Management believes that gold mineralization is open at the DAC Deposit along strike, at depth and on parallel structures on the Property. This resource expansion potential is in addition to the potential to explore for, and establish, independent mineral resource estimates on several of the other deposits that have previously been identified on the Property.

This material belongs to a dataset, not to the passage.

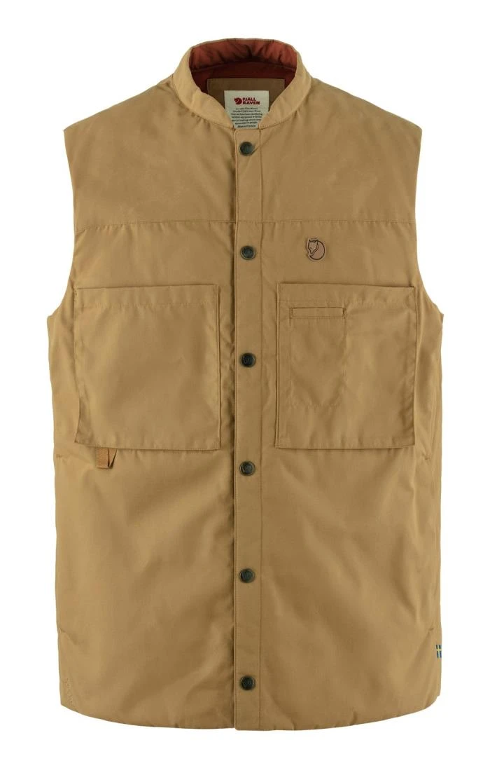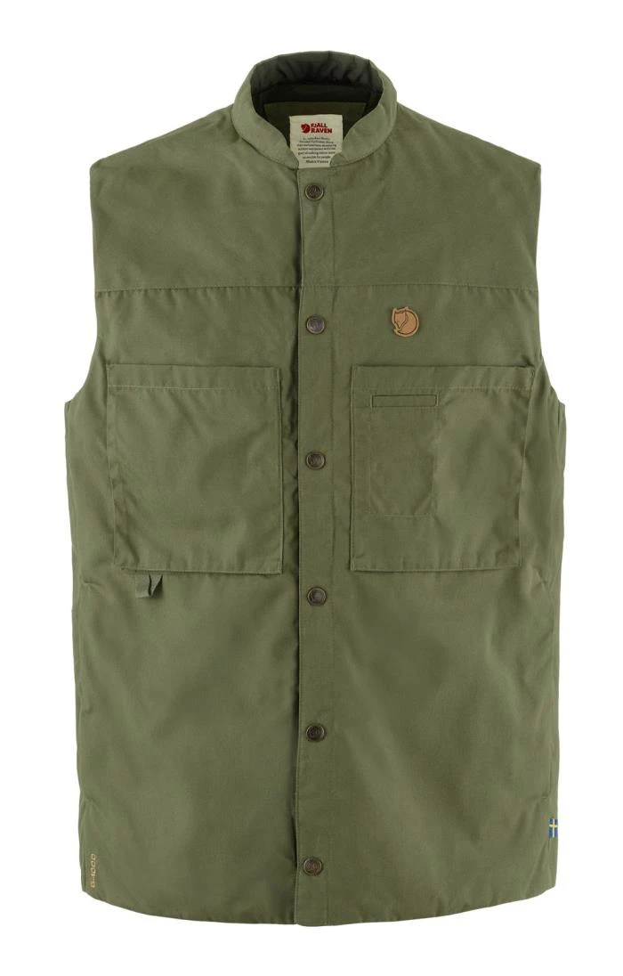 The hardwearing and functional Fjallraven Singi padded vest, designed with an emphasis on practicality, is your ideal companion for life on the move. Featuring two spacious bellows pockets thoughtfully placed lower on the chest for ease of access, an interior zippered chest pocket, a multi-tool pocket and two large hand pockets situated beneath the insulation layer to keep your hands cosy in cold conditions. Secured with press button closures at the front, it offers a relaxed fit that allows for effortless layering over a sweater or jacket, providing additional warmth as needed. Crafted for durability and adaptability, this vest is compatible with Greenland Wax, offering a water-resistant and wind-resistant barrier while providing reliable insulation.

President & CEO of Caprock, Vishal Gupta states, "Located in a prolific gold jurisdiction, Destiny comes with a substantial gold resource that we hope to significantly enhance in the short- to intermediate-term. With the dramatic surge in gold price over the last 12 months, we expect a brand-new, pit-constrained NI 43-101 compliant MRE that reflects current gold economics will demonstrate a material increase in total gold inventory at the DAC deposit, especially since the 2011 MRE was generated using a gold price of US$973 per ounce. Our technical team plans to aggressively explore Destiny over the next 12 to 24 months with a view to making further additions to the Property's overall gold inventory. In an increasingly positive environment for gold, Destiny provides Caprock's shareholders a very exciting opportunity to play the precious metals sector."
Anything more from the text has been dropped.